There has been a lot in the press about Fit Shaming and Fat Shaming. When I first heard about fat-shaming I naively thought it was just a socially acceptable way of having a pop at those who work hard at their training and post the results online. Then I read more into why this has become a thing, and here are my views on it:

 

1. Fit/Fat Shaming is taught as the standard way to win business

As a personal trainer (and the same goes for any health professional) we are TAUGHT (yes, taught by marketing pro’s), to use phrases like “beach body bootcamp” because terms like this are easily recognised by those who want to join a bootcamp. We are TAUGHT that giving a bootcamp a name like “Bodyweight Bootcamp” (in other words, something more accurate to the description) is not the way to sell our classes or sessions. Why are we taught this? Because the marketing industry knows that there are very few things more powerful than using fear or playing on insecurities to sell (read the book Brandwashed, you can find it on Amazon). The supplement industry knows this very well, which is why we now believe so heavily and with such conviction that in order to stop feeling tired (tiredness is an example I am using here), we must self prescribe and stock up on Vit C, Vit B, and Iron rich supplements (i’m not saying don’t take them, I’m just get some advice from GP first, and no supplement can cure a routine of poor sleep, or a diet which lacks in vegetables and adequate hydration). This has been the case for years, and I fully agree that it is wrong and shouldn’t be allowed. It’s not going to end anytime soon, but it’s great to see that people are standing up to those who wish to play on our fears and insecurities in order to make a quick buck or two (and yes I once gave this a go as I was told that is what I HAD to do in order to sell my Personal Training when I first started. I struggled with the idea but I was told, and convinced that if I wanted to make a living then I need to use the “right language” to push peoples buttons in my marketing and ad campaigns)
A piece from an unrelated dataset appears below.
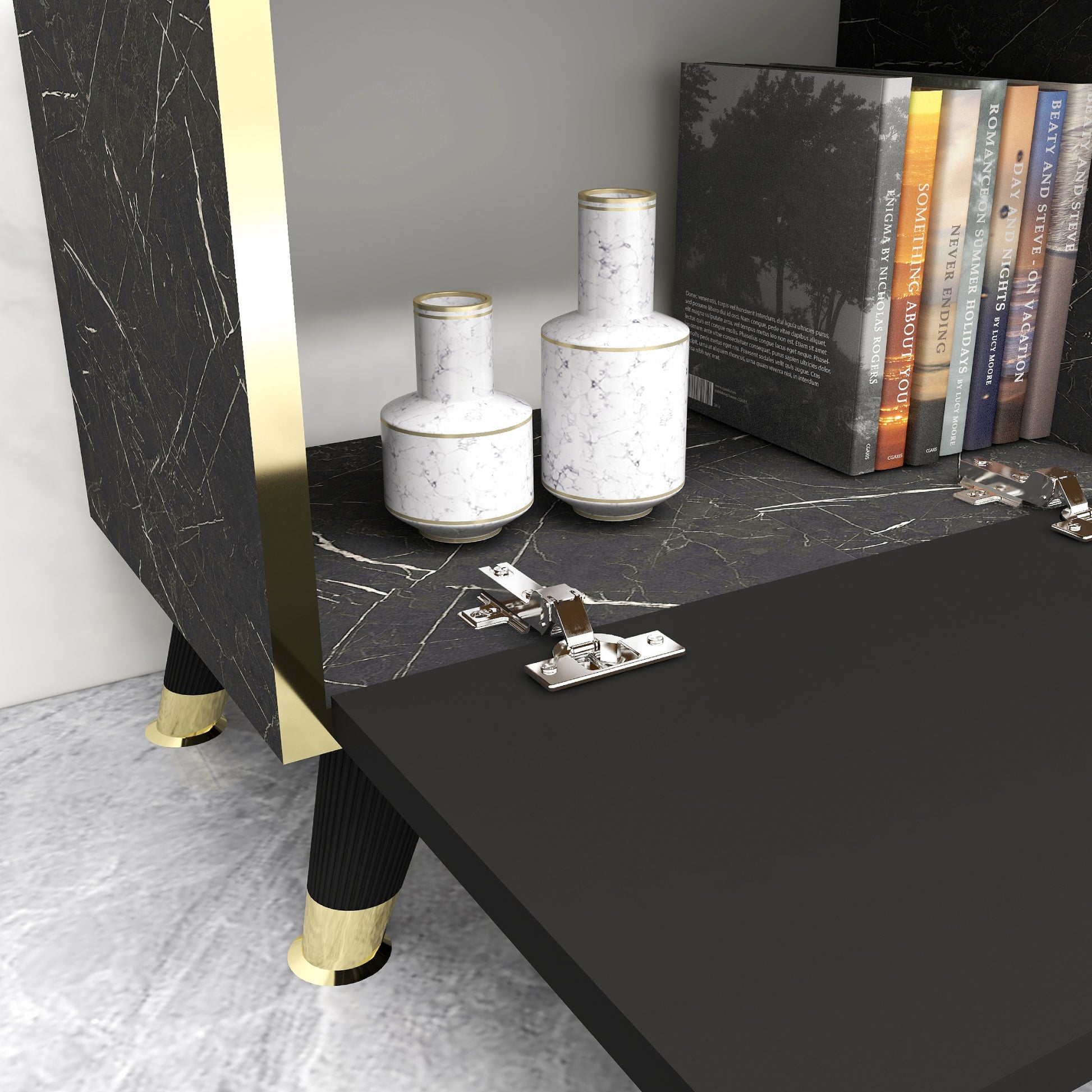 • 3 portes avec charnières métalliques dissimulées

2. Shaming needs to stop targeting the individual

What I mean is, Fit/fat Shaming is not an excuse to have a pop (or literally downright abuse, which I have seen in some cases) at those who train everyday to achieve a goal that means a lot to them. I would encourage anyone to read about just how hard those who do have ab’s and lean bodies have worked in order to get them. They do not come easy. Some people may argue that they (the person criticising) also train hard too, and I whilst I don’t doubt this, I promise you that it takes a very high level of intensity and consistency to achieve the definition that makes the covers of fitness magazines. It takes practice to work out how your body reacts to different types of training and what works best for you. It takes a very strict diet and recovery plan, and a lot of self discovery to find out what works, because we are all different.
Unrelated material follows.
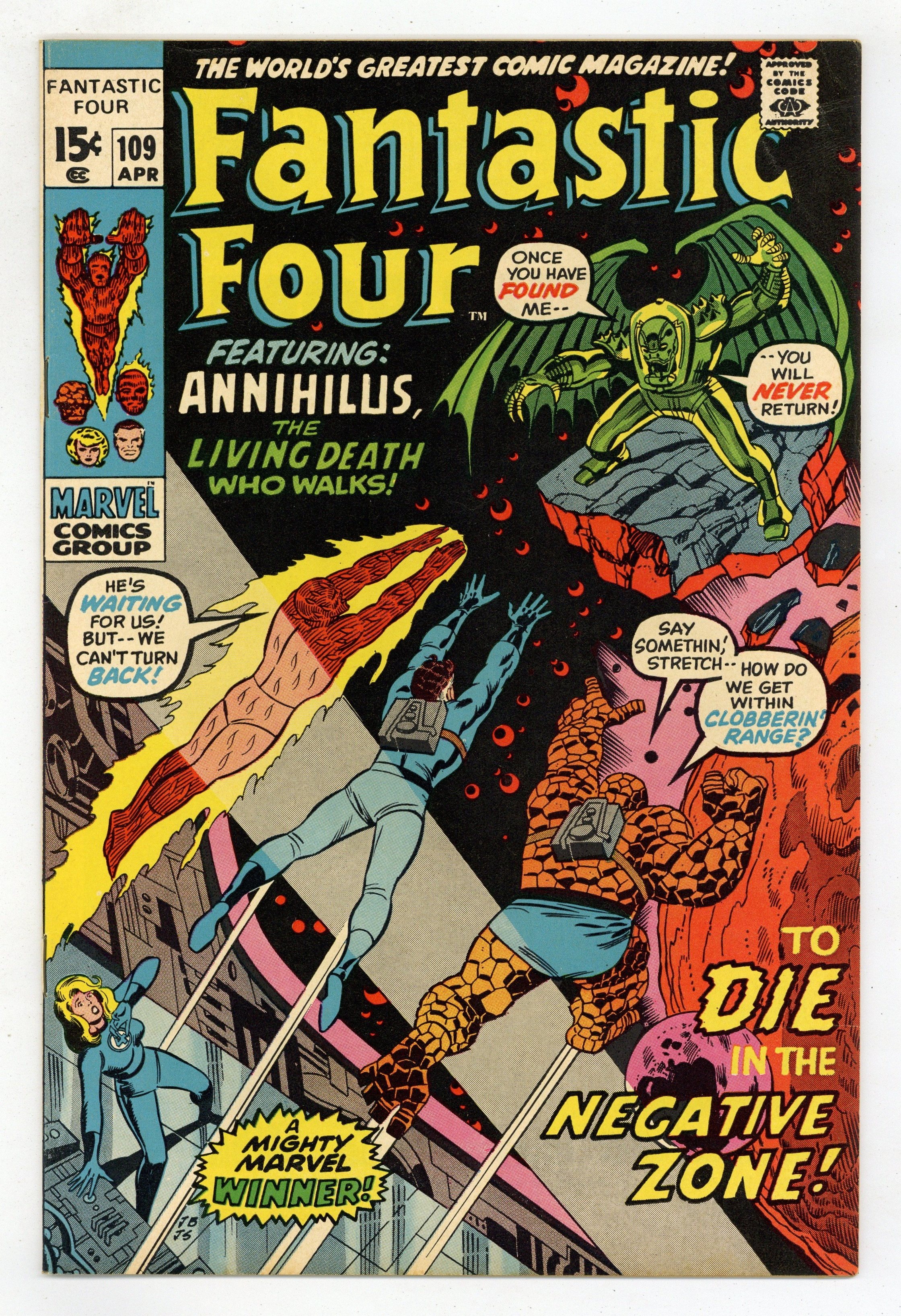 "Death in the Negative Zone!" Script by Stan Lee. Pencils by John Buscema. Inks by Joe Sinnott. Cover by John Buscema and Joe Sinnott. Janus wants to conquer the Negative Zone! Annihilus wants to conquer the Earth! And the Fantastic Four are caught in the middle! But before either the Nega-Man or Annihilus can reach their destinations, they must do battle against one another first! Meanwhile Reed, Ben, and Johnny cross over into the antimatter universe to thwart Annihilus' plans! However, the Lord of the Negative Zone is virtually unbeatable in his kingdom! It's a super showdown: the Thing, Human Torch, and Mr. Fantastic vs. Annihilus! Cameo appearance by Agatha Harkness. (Note: The letters page contains a statement of ownership: average print run 518,737; average paid circulation 285,639.) 36 pages Cover price $0.15. Grade: VG+ 4.5 explanation of grade Condition: Used (collectible)

3. Shaming needs to stop altogether

Fit-shaming, fat-shaming, thin-shaming, work-shaming, lazy-shaming – I’m sure there are many more, but the whole shaming thing needs to stop as it is nothing more than destructive. It’s great to have an opinion and be open about your passions, that is not shaming. Bragging about how well you have done is not a form of shaming others. Telling people that they NEED to be like you or NEED to be or look a certain way (i.e. you NEED to be thin or have abs) is unhelpful at the least. We all need to be healthy, but do we all need to be 6 pack abs or olympic athlete healthy? Maybe, maybe not, but that’s down to everyones own individual ambitions. If you want to go for a big fitness goal, then go for it! If you want to write about your journey, then do it! I for one won’t be accusing anyone wants to step out of their comfort zone and then shout from the roof tops when they achieve their goal.


4. Setting a challenge (or throwing down the gauntlet) is not Shaming

If I were to release an advert saying “Can you burn 500 calories a day, every day, in less than 20 minutes” in order to get people to sign up to the challenge, would you call that fat shaming? I know the challenge itself can be done, and I know you can do it too – is that statement fat shaming? Maybe it is, maybe it isn’t. But in order to grow and develop as individuals then we do need challenges! I always say, ‘the greater the resistance, the stronger you will grow’, a statement which can be applied to anything. But I am not trying to make anyone feel guilty! I want them to challenge me and beat my times, healthy competition amongst friends, nothing more, nothing less.
 


So to wrap this up a bit, can we just cut out the shaming part altogether? Can we continue to allow others to challenge our perspectives and encourage us to try new things (without making them feel guilty, fearful, or insecure). Can we encourage those who do decide to work hard and get that lean fit body? Can we celebrate and congratulate those who have achieved their goals? And can we just meet people where they are at in life and be supportive? If you are overweight or unfit then the last thing I would ever do is take off my shirt and say “you need to achieve this or you will suffer”, which is what marketing needs to stop doing. But when you decide that you want to do something different, make a change, and beat a target, then I would hope that a Personal Trainer or health company will be there to listen, advise accordingly, and be a great resource to set you on a path towards being a stronger version of yourself.